**TASK GOAL:** Two lines in the listing below mark the span: one contains "猛暑を乗り切れ!アルミが熱と" and one contains "Am Dienstag ist". Reproduce both of them and everything between, exactly.

**TASK INPUT:**
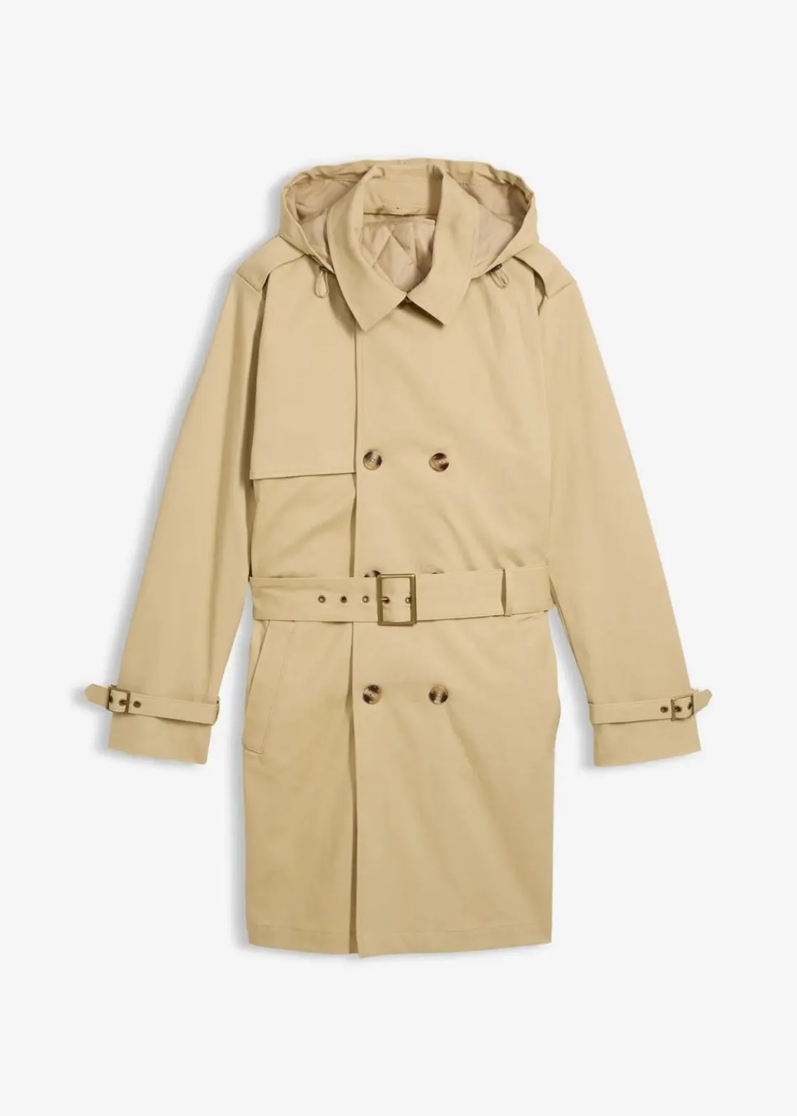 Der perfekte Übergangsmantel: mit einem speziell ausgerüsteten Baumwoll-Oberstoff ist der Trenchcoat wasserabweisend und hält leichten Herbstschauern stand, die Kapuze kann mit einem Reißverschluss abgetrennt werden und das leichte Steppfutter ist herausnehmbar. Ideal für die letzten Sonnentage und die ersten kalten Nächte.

* * *

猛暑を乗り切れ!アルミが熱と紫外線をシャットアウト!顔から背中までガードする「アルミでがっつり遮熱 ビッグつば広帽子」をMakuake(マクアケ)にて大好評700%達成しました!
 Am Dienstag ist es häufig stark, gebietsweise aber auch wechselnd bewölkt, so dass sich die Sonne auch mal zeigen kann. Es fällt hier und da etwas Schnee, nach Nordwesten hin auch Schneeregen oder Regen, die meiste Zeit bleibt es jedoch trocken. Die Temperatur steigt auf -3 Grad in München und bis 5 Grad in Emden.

==

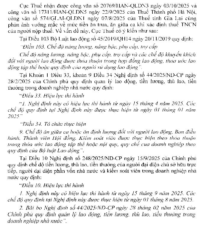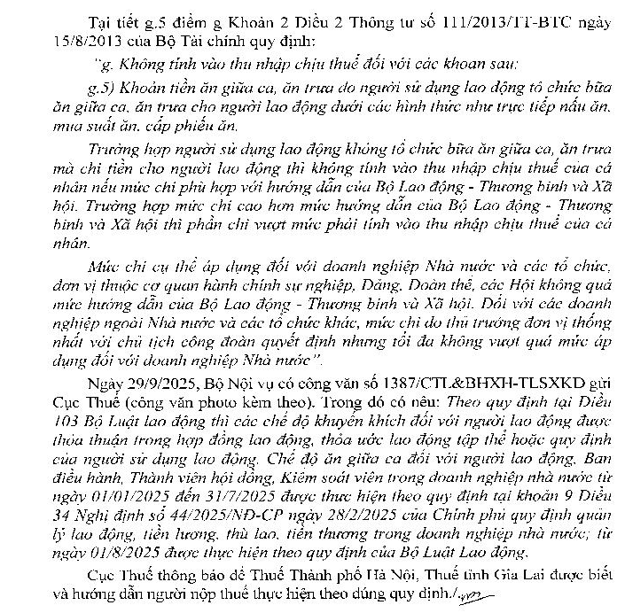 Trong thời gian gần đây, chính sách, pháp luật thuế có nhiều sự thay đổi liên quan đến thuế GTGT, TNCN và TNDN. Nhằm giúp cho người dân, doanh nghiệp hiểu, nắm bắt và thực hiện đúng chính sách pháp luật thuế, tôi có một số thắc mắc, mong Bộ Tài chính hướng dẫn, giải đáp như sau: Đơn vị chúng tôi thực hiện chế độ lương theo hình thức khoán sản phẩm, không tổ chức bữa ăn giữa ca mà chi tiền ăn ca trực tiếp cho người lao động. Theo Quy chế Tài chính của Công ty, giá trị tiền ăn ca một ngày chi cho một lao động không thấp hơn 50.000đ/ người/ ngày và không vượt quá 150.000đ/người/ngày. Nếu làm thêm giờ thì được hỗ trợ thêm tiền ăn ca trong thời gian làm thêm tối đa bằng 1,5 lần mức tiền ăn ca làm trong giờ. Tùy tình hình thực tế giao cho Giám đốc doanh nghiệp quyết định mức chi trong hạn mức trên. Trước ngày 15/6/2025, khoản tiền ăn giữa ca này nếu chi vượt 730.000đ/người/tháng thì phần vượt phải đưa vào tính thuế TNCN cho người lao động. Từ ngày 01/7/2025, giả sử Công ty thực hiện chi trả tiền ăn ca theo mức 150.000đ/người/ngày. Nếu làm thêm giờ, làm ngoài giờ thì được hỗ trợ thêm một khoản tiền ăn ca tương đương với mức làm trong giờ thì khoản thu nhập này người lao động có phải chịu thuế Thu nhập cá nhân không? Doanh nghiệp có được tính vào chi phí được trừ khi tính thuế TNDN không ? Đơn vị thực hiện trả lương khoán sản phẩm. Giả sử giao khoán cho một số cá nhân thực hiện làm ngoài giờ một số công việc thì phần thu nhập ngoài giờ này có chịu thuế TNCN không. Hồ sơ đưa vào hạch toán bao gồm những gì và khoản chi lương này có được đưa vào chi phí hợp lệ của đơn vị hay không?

**EXERCISE RESPONSE:**
猛暑を乗り切れ!アルミが熱と紫外線をシャットアウト!顔から背中までガードする「アルミでがっつり遮熱 ビッグつば広帽子」をMakuake(マクアケ)にて大好評700%達成しました!
 Am Dienstag ist es häufig stark, gebietsweise aber auch wechselnd bewölkt, so dass sich die Sonne auch mal zeigen kann. Es fällt hier und da etwas Schnee, nach Nordwesten hin auch Schneeregen oder Regen, die meiste Zeit bleibt es jedoch trocken. Die Temperatur steigt auf -3 Grad in München und bis 5 Grad in Emden.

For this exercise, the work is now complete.